Unfortunately information doesn’t become important to us by a teacher or professor telling us that it is important or relevant for an exam.

All humans have an innate need to underatand their environment. It is detrimental for survival. That’s why we are all curious to learn how the world works. From our first moments on we naturally inhale all knowledge that we can get our hands on.

Our innate curiosity is the wave that education should surf on.

Where learning could be such an easy and satisfying process, powered by the driving force of our interest in the world, we instead built a system of two opposing parties (students and teachers) that constantly fight against each other. Where pupils need to be whipped to study with the use of endless energy and teachers burn out from the kids behaving terribly.

The great documentary “Alphabet” by Erwin Wagenhofer explores the question, how we managed to turn the natural process of learning how the world works into an unbearable chore that most children hate most of the time.

Teaching Methods need to change

We need to turn education around. It has to start with the question of the student.

Hypothesis: Every child will eventually ask the questions that lead to the acquisition of essential skills like maths, science, economics, philosophy, writing, art and so on.

And if not? So what! Not knowing much and not having gone through 12 years of schooling is still better than not knowing much and having gone through 12 years of schooling. What do we have to lose? A few kids that never learned how to conjugate a verb or build the derivative of a mathematical term? Instead they could focus on their personal development and wouldn’t get their self-esteem crushed. They could find their passion and becaome good at something, that is useful for others. Something that would be much more beneficial for society and its economy, then knowing how to mumble a few sentences in french after 5 years of studying it.

By beginning with the question of the student, there needs to be way less energy wasted on grading, discipline, controlling homework and so on.

Instead the curiosity of children could be ecouraged by “Inspration Courses” where they are confronted with questions and problems they might be interested to solve. Then they go ahead and solve them.

Personalised Curiculums

Of course this only works, if every child can attend their own personalised curriculum at the time they want to do so. Therefore a much higher degree of digitization needs to be reached, so that children can learn independantly from a teacher who is physically present. Learning in online courses on their personal devices is something that millions of people do every day already.

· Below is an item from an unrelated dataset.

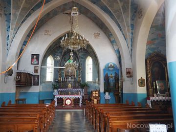 z nawy na ołtarz główny, ambona, fragment sklepień i polichromii ściennej i sufitowej. Zachowały się starsze od tej świątyni zabytkowe elementy wyposażenia: późnobarokowy ołtarz boczny z obrazem Matki Boskiej z Dzieciątkiem, malowanym na desce, XVIIIw. w srebrnej sukience, chrzcielnica z przełomu XVIII i XIXw. oraz klasycystyczny feretron.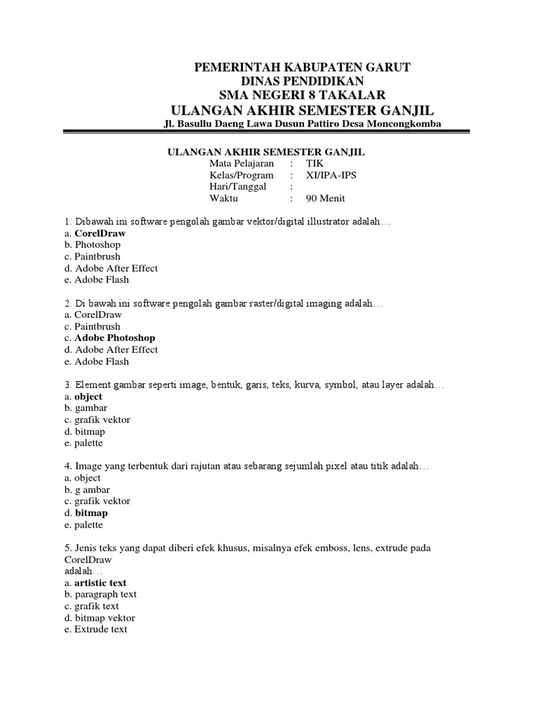 Soal Us Tik Sma Kelas Xii 2016 2017

The benefits of it are manigfold:

It holds the potential of assuring much higher quality standards for the curriculum, as the learning material can be prepared by the best people in their respective fields. Elon Musk’s “Dark Knight” Analogy here is a great way to illustrate that.

Additionally it can lead to a state where every student can learn in their own speed. Learning is not a function of intelligence but a function of confidence. That’s why an individualised, digital curiculum for every student, where they can repeat things as many times as they need and ask any question they have is the single biggest influence on a successful learning process. The system that we run today tries to apply a one-size-fits-all approach where really only the needs of a tiny fraction of the class is met.

Dedicated Self-Knowledge Coachings

Related to that, schools need to put much more focus on helping people to figure out and develop themselves, their talents and their personalities. The biggest factor to a successful education and development is that persons mental constitution. Therefor schools need to start working on that.

It could mean that every student attends regular self-reflection sessions with trained personell. Additionally they could visit group sessions dedicated to self-development, building up confidence and learning to interact in social situations.

This way pupils can work on their personal goals from early on which would teach them to take responsibility for their own live paths.

How much better can a self-confident and driven student learn than a demotivated and stressed one does?

Get rid of grades

Grades and their psychological implications play a big role in how we manage to turn children with an innate curiosity for the world into pupils that are at the same time bored and overwhelmed.

Created initially to controll whether a student internalised a subject it comes with massive negative side effects:

  • It puts pressure on the students, which is the worst condition for an efficient learning process to take place.
  • It creates false incentives to learn something for an exam and forgetting it again right after that exam, instead of learning it for its practical application
  • It leads to unnecessary focus on comparison and competition with peers, which conveighs a limiting and unproductive message about collaboration and team work

On top of that, whenever I am hiring someone for a new role I never look at their grades as they don’t really serve as a valuable indicator of ones abilities and skills.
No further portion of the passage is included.